MASSARO: I think it's both. I think it's the approach that has been taken by the United States very purposefully to say that this needs to be the whole democratic world standing up for Ukraine in the face of this naked, unprovoked aggression but also the historic world-changing nature of Putin's war of aggression.
MARTÍNEZ: Now, sanctions regularly levied on oligarchs since 2014 have not made a huge difference to Putin's policies, and Biden admitted it would take some time for new measures to alter his behavior. Is the threat of sanctions, you know, if that hasn't deterred Putin the past, then, Paul, what kind of effect will they have now?
MASSARO: So I guess I want to say at the outset that deterrence is no longer the goal of these sanctions. That time has passed. The time for diplomacy is over. Putin has made the historic decision to go for the jugular here, to, you know, in his words, wipe Ukraine off the face of the Earth. And because of that, the goal now is to isolate Russia.

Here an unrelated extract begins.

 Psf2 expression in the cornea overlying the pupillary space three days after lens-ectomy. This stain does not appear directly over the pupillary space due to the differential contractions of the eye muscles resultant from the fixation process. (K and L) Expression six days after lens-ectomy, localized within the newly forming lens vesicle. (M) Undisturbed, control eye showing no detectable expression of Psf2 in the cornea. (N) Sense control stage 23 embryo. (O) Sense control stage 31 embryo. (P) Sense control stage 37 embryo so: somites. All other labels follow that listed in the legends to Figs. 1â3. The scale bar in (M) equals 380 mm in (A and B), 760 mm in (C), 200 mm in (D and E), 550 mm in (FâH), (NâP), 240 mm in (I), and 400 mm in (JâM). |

It's to turn Russia into an international pariah on par with other rogue states like Iran or North Korea. Now, sanctions do work, but we also have to note that sanctions up till now have been very sparse, full of holes, very weak.
One of the reasons that Putin has reached the decision that he has is precisely because he's been undermining the West, crossing red lines, attacking the democratic world for over a decade now, beginning with the invasion of Georgia in 2008, the invasion of Ukraine in 2014, the first invasion, assassinations and attempted assassinations in the United Kingdom, abuse of Interpol to harass and pursue and intimidate political opponents and dissidents, cyberattacks, strategic corruption and so much more. And Putin has never suffered much more than a slap on the wrist for these things. And that's why, you know, even this time, he very likely expected, and he seems to have even said it in his very, very strange broadcast to National Security Council session, that he would expect the West to eventually just turn the other cheek.

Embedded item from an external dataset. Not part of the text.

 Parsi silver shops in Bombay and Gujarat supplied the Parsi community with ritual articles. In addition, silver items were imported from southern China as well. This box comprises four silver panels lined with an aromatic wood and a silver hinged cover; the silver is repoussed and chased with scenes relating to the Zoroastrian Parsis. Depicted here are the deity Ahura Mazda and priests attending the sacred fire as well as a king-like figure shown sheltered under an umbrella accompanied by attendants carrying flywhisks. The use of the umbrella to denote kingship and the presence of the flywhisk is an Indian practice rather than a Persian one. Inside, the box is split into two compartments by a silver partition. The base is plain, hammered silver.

MARTÍNEZ: Paul, you mentioned how sanctions sometimes can be weak. Sanctions have really been the preferred method of coercion for the West for years. When you look at North Korea, Iran, Cuba, China, Russia, have they really been that effective?
MASSARO: Yeah. So sanctions are one of the really powerful asymmetric tools of the United States, and that's because of the U.S. dollar and U.S. financial hegemony. There is no replacement for the U.S. dollar. Something that I say over and over again is that modern dictatorship relies on access to the West. It's all about the dictator's cronies, the dictator's elites, being able to live in the West and spend in the West and have their money in the West, thereby sort of hedging against the dictator having kind of an independent power base and so on and so forth, which allows these kind of dictatorial regimes to be sustainable. When you take that away, you really are able to attack these regimes. You're able to degrade them. You're able to make them much more harmless, which is now what we intend to do with Russia. And there's just no - there's no replacement for this. People sometimes say, well, China, could China replace it? Could Russia? Sanctions bust? And at the end of the day, these sanctions, the West, the United States, is just too central to the financial system to avoid.

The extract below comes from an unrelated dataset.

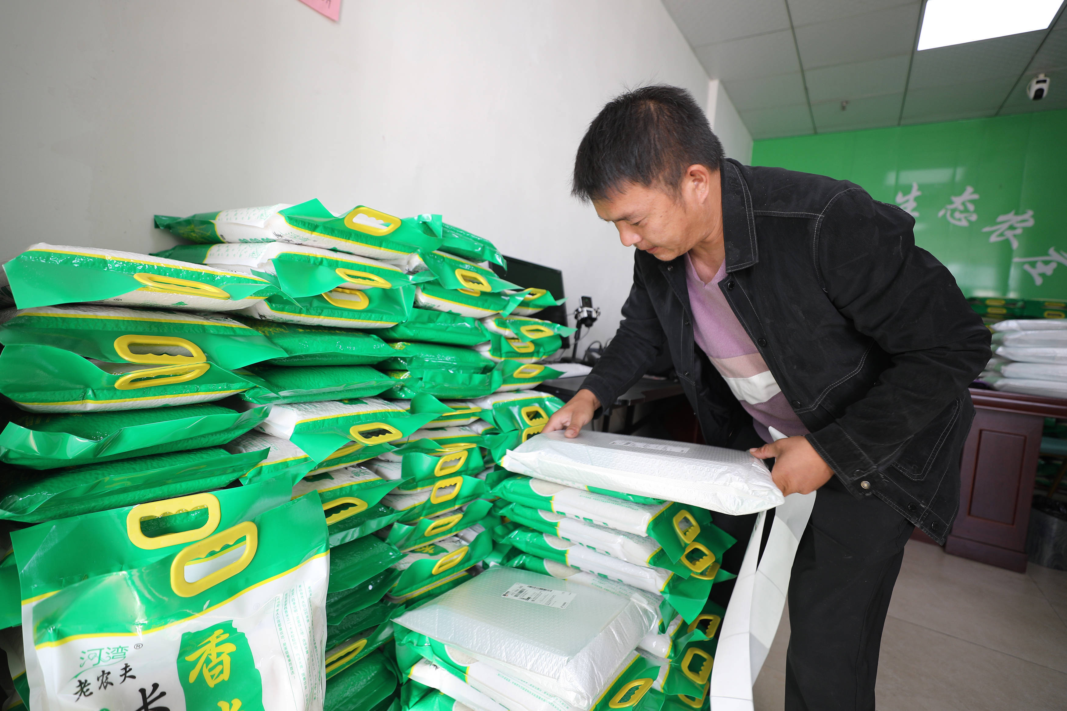 王甜甜在桐城市的店铺里打包自家的成品米,准备发给直播间里下单的顾客。

MARTÍNEZ: Because I keep hearing that Vladimir Putin has built up a $640 million piggy bank to be ready for these sanctions, I'm wondering, is the lack of a surprise here one of the reasons why maybe sanctions sometimes don't work? I mean, with military actions, is it through the air? Is it through the ground, north, south, east or west? Do sanctions suffer from the lack of surprise?
MASSARO: Sure. So, look, when it comes to targeted sanctions, when it comes to sanctions on individual oligarchs, which we really hope to see more of in the coming days and weeks, yeah, because an individual that hides their money, uses financial anonymity, shell companies and anonymous trusts and so on and so forth to hide their wealth, may be able to avoid those sanctions. But when you're talking about the massive kind of sanctions we're looking at now, there's just - there's no way to avoid those. At the end of the day, you need that access. So, you know, the element of surprise is much less important.
MARTÍNEZ: Paul Massaro, congressional foreign policy adviser. Paul, thanks a lot.
MASSARO: My pleasure.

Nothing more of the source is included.